= Ad multos annos =

Christian liturgical acclamation

Ad multos annos (English: For many more years) is a Latin acclamation for celebrations, and also a hymn used in the rites of the Orthodox and Catholic churches.

== Origin ==
===A Greco-Roman form of congratulation===
Ad multos annos was a form of congratulation during Greco-Roman antiquity, which was especially used as an acclamation for higher-ranking people.

===The Latin version of the Greek Polychronion===
In the Orthodox liturgy, Ad multos annos has a Byzantine equivalent of the first millennium which is an acclamation called Eis polla eti (Greek εἰς πολλὰ ἔτη): it is part of the Polychronion. In Slavic Orthodoxy, especially Ukraine and Russia, Mnogaya leta has become a traditional celebratory song, akin to "Happy Birthday to You".

===A century-old Catholic traditional acclamation===
In the Roman Catholic liturgy, it was an element of the episcopal ordination rite first found in the Pontifical of Apamea from the 12th century: the newly consecrated bishop sang this three times to his consecrator; or in the case of an abbot at his investiture, once only. In a ceremonial similar to that of the Laudes Regiæ or Carolingian Litany, the bishop at his ordination would acclaim his consecrator in order to thank him. In three stages, the bishop would advance toward his consecrator, perform three genuflections, and sing three times giving his voice each time a higher pitch, the acclamation: Ad multos annos!

There is an exception to this rite: when the newly consecrated bishop is the pope (this happens when a man who is not a bishop is elected pope), it is the consecrator who sings to the pope, not vice versa.

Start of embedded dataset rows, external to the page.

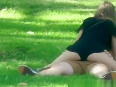 Legal Age Teenager pair spied in public park making out. This Babe receives on top of him and rubs her crotch on him.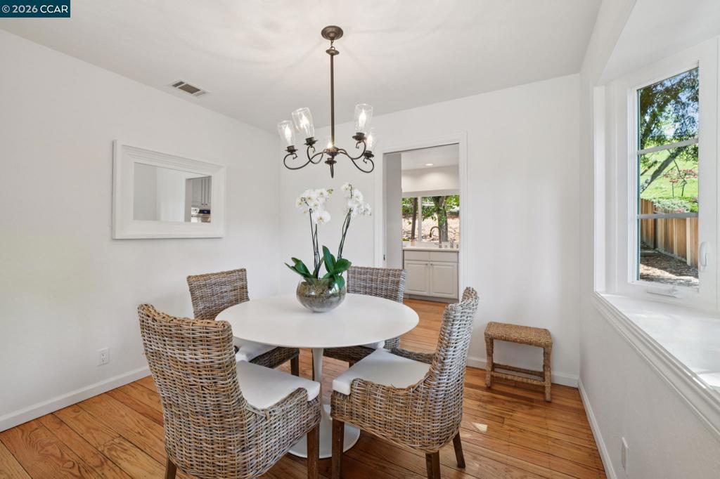 This fabulous 3 bedroom / 2 bath single-level home offers wonderful privacy. House features include a large family room with access to a private and peaceful backyard, primary suite with ensuite bath and a spacious closet, gorgeous hardwood flooring throughout, a sun-filled back patio with views of the Moraga Hills, and a 2-car garage with ample storage space. Separate bonus room offers endless possibilities: office, gym, media room or a guest space. Conveniently located nearby to Moraga schools, parks, and the Sunday farmer's market as well as to downtown Lafayette and public transportation. Enjoy the best of what Moraga has to offer!
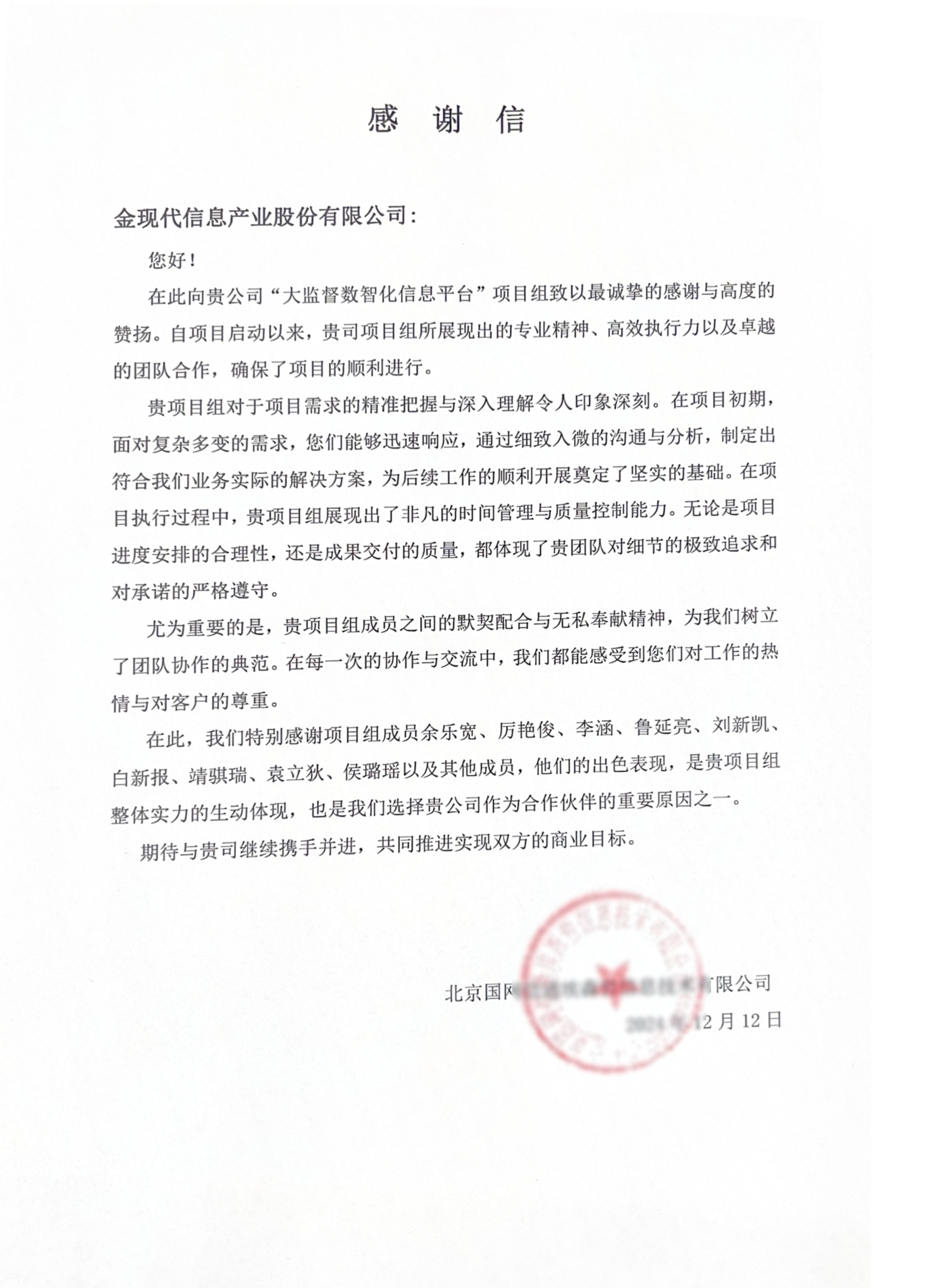 作为国家电网数字化核心服务商之一,星空online(中国)在2024年深度参与国网新能源、智能充电桩、电力交易、监督管理等项目,获得众多客户表扬信。比如在大监督数智化信息星空web版登录入口建设项目中,星空online(中国)联合北京国网信通埃森哲,以云星空web版登录入口、数据中台、技术中台为基础,打造具有冀北特色“1234”的清廉冀北数智化大监督星空web版登录入口,综合提升物资采购、营销服务、工程项目等专项监督成效,助力公司高质量发展。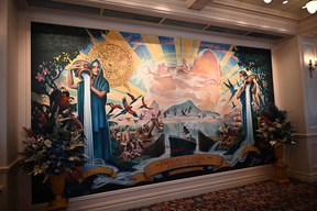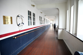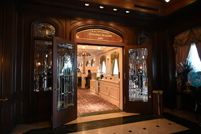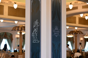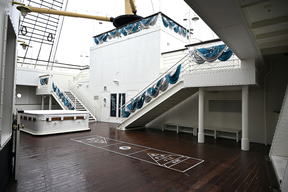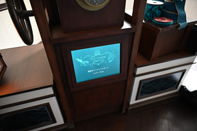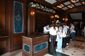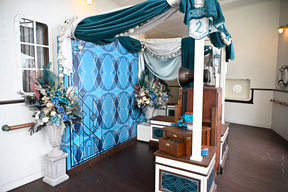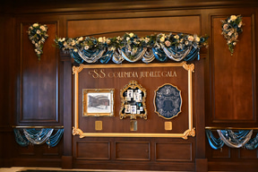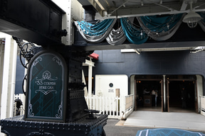 プログラムの開催場所は、S.S.コロンビア号の船上。船内のすべてのフロアを貸し切ってのイベントは東京ディズニーシーの歴史のなかでもかなりめずらしいこと。エントランス部分には、GALAのレッドカーペットを彷彿させる、ジュビリーブルーのデコレーションが施され、参加者を出迎える。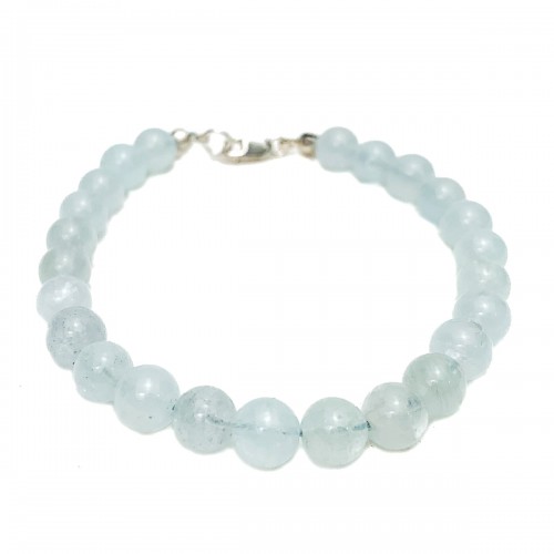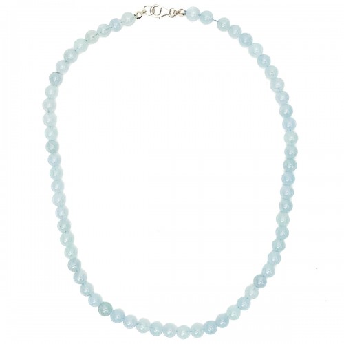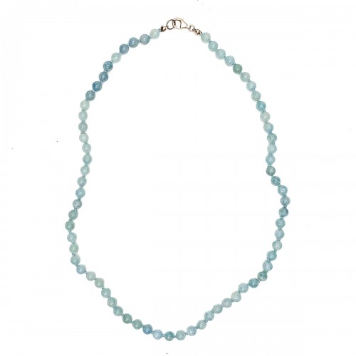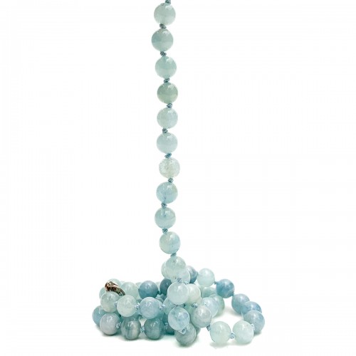 Aquamarine 6mm Knotted Necklace With Sterling Silver Trigger Clasp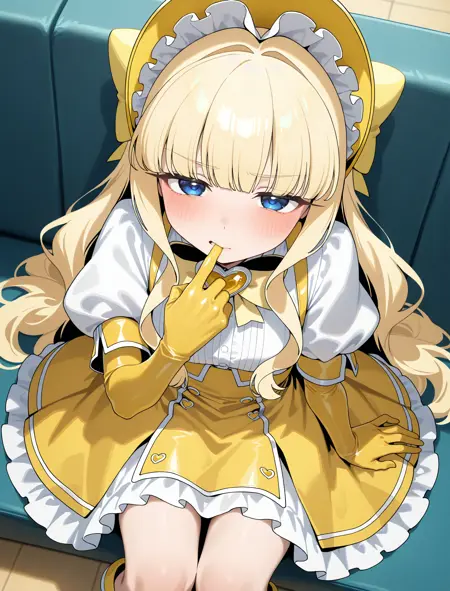 Tenkawa Kaoruko, 금발, 긴 머리, 머리 리본, 지팡이 들고, 파란 눈, 드레스, 마법소녀, 풍성한 소매, 노란 장갑, 팔꿈치 장갑, 하트, 허벅지 긴 양말, 명작, 최고 품질, 최신, absurdres, highres, very awa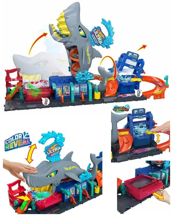 Arabaların otoparktan yarışa başlaması veya soğuk su tankına girip sürpriz bir şekilde renk değiştirmesini izlemek için köpek balığının kuyruğuna dokununuz. Arabayı tekrar suya batırarak renginin eski haline dönmesini sağlayınız. Hareketli kapılar ve gerçek hayattaki araba yıkama yerlerinde bulunan makinelere uygun olarak tasarlanan ayrıntılı pist özellikleri ile Hot Wheels Şehri Muhteşem Köpek Balığı Araba Yıkama Oyun Seti oyunlarınıza biraz daha macera katacaktır. Bu gerçekçi oyun seti, çocukların yeni hikayeler oluşturarak hayal güçlerini ve yaratıcılıklarını gelişmesini desteklerken eğlenceli vakit geçirmelerine yardımcı olur.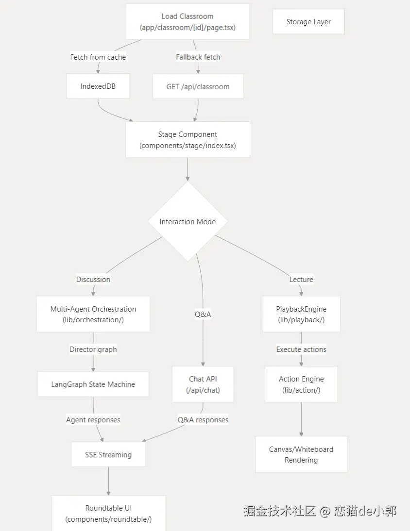 而对应的多智能体编排引擎实现(lib/orchestration/ )通过 Director Graph 来协调课堂中的对话流: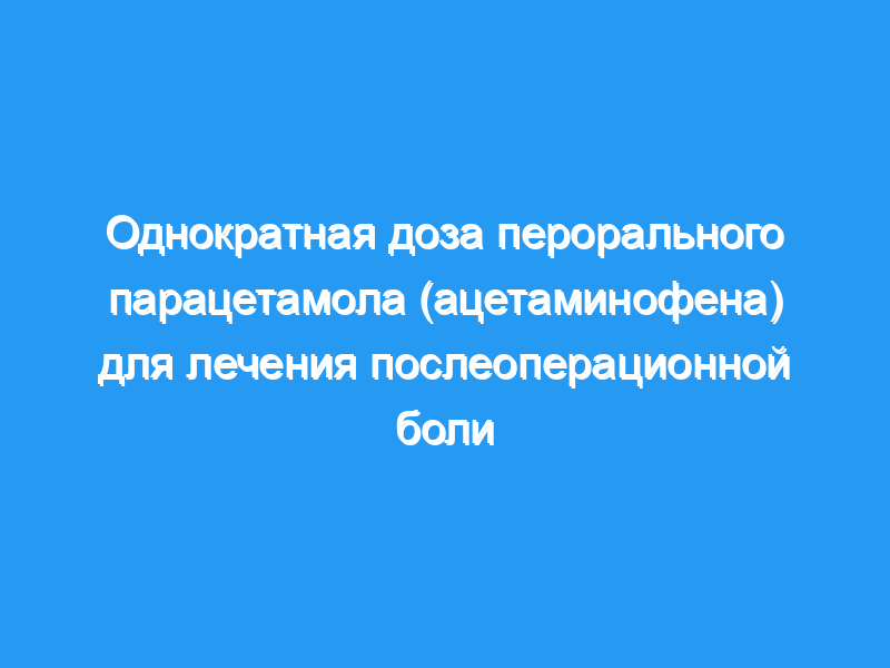 Оценить эффективность однократной дозы перорального парацетамола для лечения острой послеоперационной боли. Стратегия поиска: Мы провели поиск в библиотеке Кокрейна (выпуск 3, 2002), регистре исследований Кокрейновской группы по обезболиванию, паллиативной и поддерживающей терапии (ноябрь 2002), MEDLINE (с 1966 по май 1996), PubMed (с 1996 по август 2001), EMBASE (с 1980 по 1996), Oxford Pain Relief База данных (с 1950 по 1994 год) и списки ссылок на статьи для обновления существующей версии обзора. Критерии отбора: Рандомизированные, двойные слепые, плацебо-контролируемые клинические испытания парацетамола при острой послеоперационной боли у взрослых. Сбор и анализ данных: Два рецензента независимо оценивали качество испытаний и извлекали данные. Площадь под кривой «облегчение боли в зависимости от времени» использовалась для определения доли пациентов, получавших парацетамол или плацебо, испытывающих по меньшей мере 50%-ное облегчение боли в течение четырех-шести часов, используя проверенные уравнения. Количество, необходимое для лечения (NNT), было рассчитано с использованием 95% доверительных интервалов. Также была собрана информация о побочных эффектах. Сорок семь отчетов, в которые были включены 4186 пациентов (2561 пациент получал однократную пероральную дозу парацетамола и 1625 — плацебо), соответствовали критериям включения и были включены в анализ. NNT для облегчения боли по крайней мере на 50% в течение четырех-шести часов после однократного приема парацетамола были следующими: 325 мг NNT 3,8 (2,2 -13,3), 500 мг NNT 3,5 (2,7-4,8), 600/650 мг NNT 4,6 (3,9-5,5), 975/1000 мг NNT 3,8 (3,4 до 4,4) и 1500 мг NNT 3,7 (от 2,3 до 9,5). Анализ подгрупп не показал существенных различий между меньшими и большими испытаниями или испытаниями более низкого и более высокого качества. Редко сообщалось об отмене исследований, связанных с наркотиками. В исследованиях сообщалось о различной частоте побочных эффектов, которые, как правило, были умеренными и преходящими. Не было статистически значимых различий в частоте зарегистрированных побочных эффектов между парацетамолом 975/1000 мг и плацебо. Выводы рецензента: Разовые дозы парацетамола являются эффективными анальгетиками при острой послеоперационной боли и вызывают мало побочных эффектов.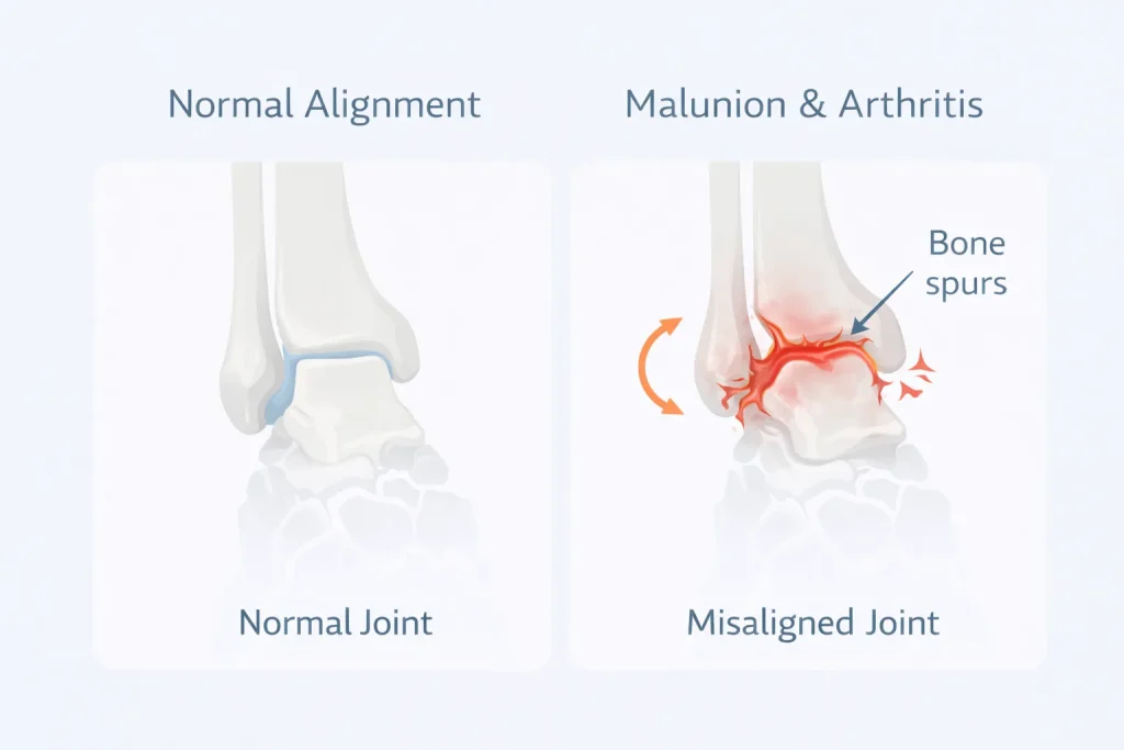 Untreated fractures can heal improperly, leading to ankle instability, chronic pain, and arthritis. Proper alignment and treatment are essential to maintain joint function.

It is still sung during major celebrations, such as conclaves for bishops who are elevated to the cardinalate. Today the Latin phrase is also used in greetings and toasts in academic and ecclesiastical circles, especially at the Pontifical North American College in Rome where it has become a refrain.

== Music ==
Ad multos annos was set to various musical arrangements.

Austrian composer Joseph Balthasar Hochreither wrote the Missa ad multos annos, his oldest surviving work from 1705, on the occasion of the consecration Abbot Maximilian Pagl of Lambach Abbey in Upper Austria. The premiere took place on April 19, 1705 in the Lambach collegiate church.

The most popular version of the Mnohaya lita sang in Russia, Ukraine and among the diaspora was composed by Dmitry Bortniansky (1751 † 1825), when he was choirmaster of the imperial chapel in Russia and it was adapted into the Latin Ad multos annos by Maxime Kovalevsky (1903 † 1988) when he was chapel master in Paris.